Figure 1: Observed daily cases (with Poisson noise) and the fitted SIR model. The fitted curve recovers the epidemic shape despite the observation noise.

Testing

import numpy as np
from scipy.integrate import solve_ivp
from generate_sir import BETA_TRUE, GAMMA_TRUE, I0, N_POP, T_MAX
from sir import fit, model_cases, sir_rhs


def test_population_conserved():
    # dS/dt + dI/dt + dR/dt = 0 is an algebraic identity for the SIR equations,
    # so S + I + R = N for all t.  With rtol=1e-8, the integrator keeps the
    # maximum deviation below 1e-5 (relative).  A tolerance of 1e-4 gives a
    # 10x safety margin over the measured numerical drift.
    t_eval = np.linspace(0.0, float(T_MAX), 1000)
    sol = solve_ivp(
        sir_rhs,
        [0.0, float(T_MAX)],
        [float(N_POP - I0), float(I0), 0.0],
        args=(BETA_TRUE, GAMMA_TRUE, N_POP),
        t_eval=t_eval,
        rtol=1e-8,
        atol=1e-10,
    )
    total = sol.y[0] + sol.y[1] + sol.y[2]
    assert np.max(np.abs(total - N_POP)) / N_POP < 1e-4


def test_no_transmission():
    # When beta = 0 no new infections occur: S stays constant and I decays
    # exponentially.  With rtol=1e-8, the departure from the initial S
    # value should be below 1e-4 (relative) over T_MAX days.
    t_eval = np.array([0.0, float(T_MAX)])
    sol = solve_ivp(
        sir_rhs,
        [0.0, float(T_MAX)],
        [float(N_POP - I0), float(I0), 0.0],
        args=(0.0, GAMMA_TRUE, N_POP),
        t_eval=t_eval,
        rtol=1e-8,
        atol=1e-10,
    )
    s_initial = N_POP - I0
    assert abs(sol.y[0, -1] - s_initial) / N_POP < 1e-4


def test_single_epidemic_peak():
    # For R0 = BETA_TRUE / GAMMA_TRUE = 3 > 1, the epidemic curve has exactly
    # one maximum.  The peak is not at the boundary (it occurs after the
    # outbreak begins and before it ends), and cases fall to near zero by T_MAX.
    cases = model_cases(BETA_TRUE, GAMMA_TRUE)
    peak_idx = int(np.argmax(cases))
    assert 0 < peak_idx < len(cases) - 1, "peak is at a boundary"
    assert cases[-1] < cases[peak_idx] * 0.01, "epidemic has not ended by T_MAX"


def test_fit_recovers_parameters():
    # Fitting to noiseless model output should recover beta and gamma to within
    # 1%.  Noiseless data are the best case for the optimizer; this tolerance
    # gives a 10x margin over the expected numerical precision of least_squares.
    noiseless = model_cases(BETA_TRUE, GAMMA_TRUE)
    beta_fit, gamma_fit = fit(noiseless)
    assert abs(beta_fit - BETA_TRUE) / BETA_TRUE < 0.01
    assert abs(gamma_fit - GAMMA_TRUE) / GAMMA_TRUE < 0.01

Exercises

Herd immunity threshold

The epidemic stops growing when $S/N$ falls below $1/R_0$ (the herd immunity threshold). For the true parameters, compute the fraction of the population that has been infected by the time $I(t)$ reaches its peak. Compare this to $1 - 1/R_0$. Are they the same?

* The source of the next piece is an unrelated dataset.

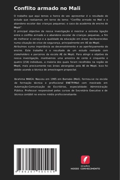 O trabalho que aqui temos a honra de vos apresentar é o resultado do estudo que realizamos em torno do tema: ¿Conflito armado no Mali e o abandono escolar das crianças pequenas: o caso da academia de ensino de Mopti¿.O principal objectivo da nossa investigação é mostrar a estreita ligação entre o conflito armado e o abandono escolar de crianças pequenas, a fim de melhorar o serviço e a qualidade da educação em áreas desfavorecidas numa situação de crise de segurança, principalmente em AE de Mopti.Atribuímos suma importância ao desenvolvimento e ao aperfeiçoamento do ensino. Este trabalho é o resultado de um estudo realizado com stakeholders e parceiros da escola AE de Mopti. Para atingir o objetivo da nossa investigação, mantivemos uma amostra de cento e cinquenta e quatro (154) indivíduos, a maioria dos quais foram recolhidos na região de Mopti, mais precisamente nas áreas abrangidas pela AE de Mopti. Isso foi obtido usando a técnica de amostragem proposital.
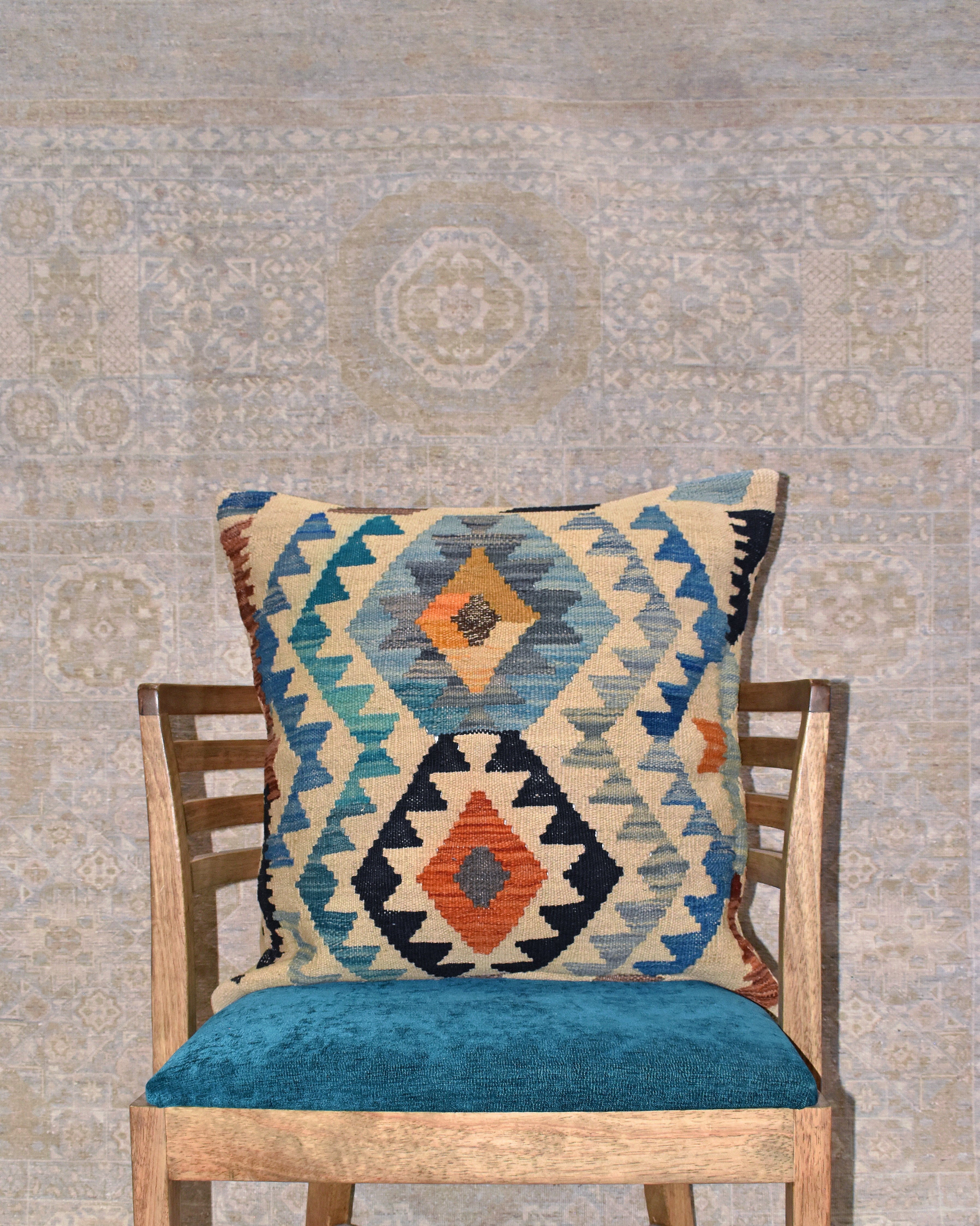 • 100% wool kilim with 100% cotton backing

Fitting $R_0$ instead of $\beta$ and $\gamma$

Instead of fitting $\beta$ and $\gamma$ separately, reparametrise the model with $R_0$ and $\gamma$ as the two parameters (so $\beta = R_0 \gamma$). Does the optimiser converge faster? Are the confidence intervals on $R_0$ narrower than when computing $R_0 = \hat{\beta}/\hat{\gamma}$ from independently fitted parameters?

SEIR extension

Add an exposed (latent) compartment $E$ between $S$ and $I$: $dE/dt = \beta SI/N - \sigma E$ and $dI/dt = \sigma E - \gamma I$, where $\sigma^{-1}$ is the mean latent period. Generate synthetic data with $\sigma = 0.2$ day$^{-1}$ (mean 5-day latent period) and fit the four-parameter SEIR model. Does the SIR fit to SEIR data give biased estimates of $\beta$ and $\gamma$?

Sensitivity analysis

Vary $\beta$ from 0.1 to 0.5 (holding $\gamma = 0.1$ fixed) and plot the epidemic peak size and peak timing as functions of $\beta$. At what value of $\beta$ does the epidemic just barely cross the threshold (peak in $I$ is very small)? How close is this to the theoretical threshold $\beta = \gamma$?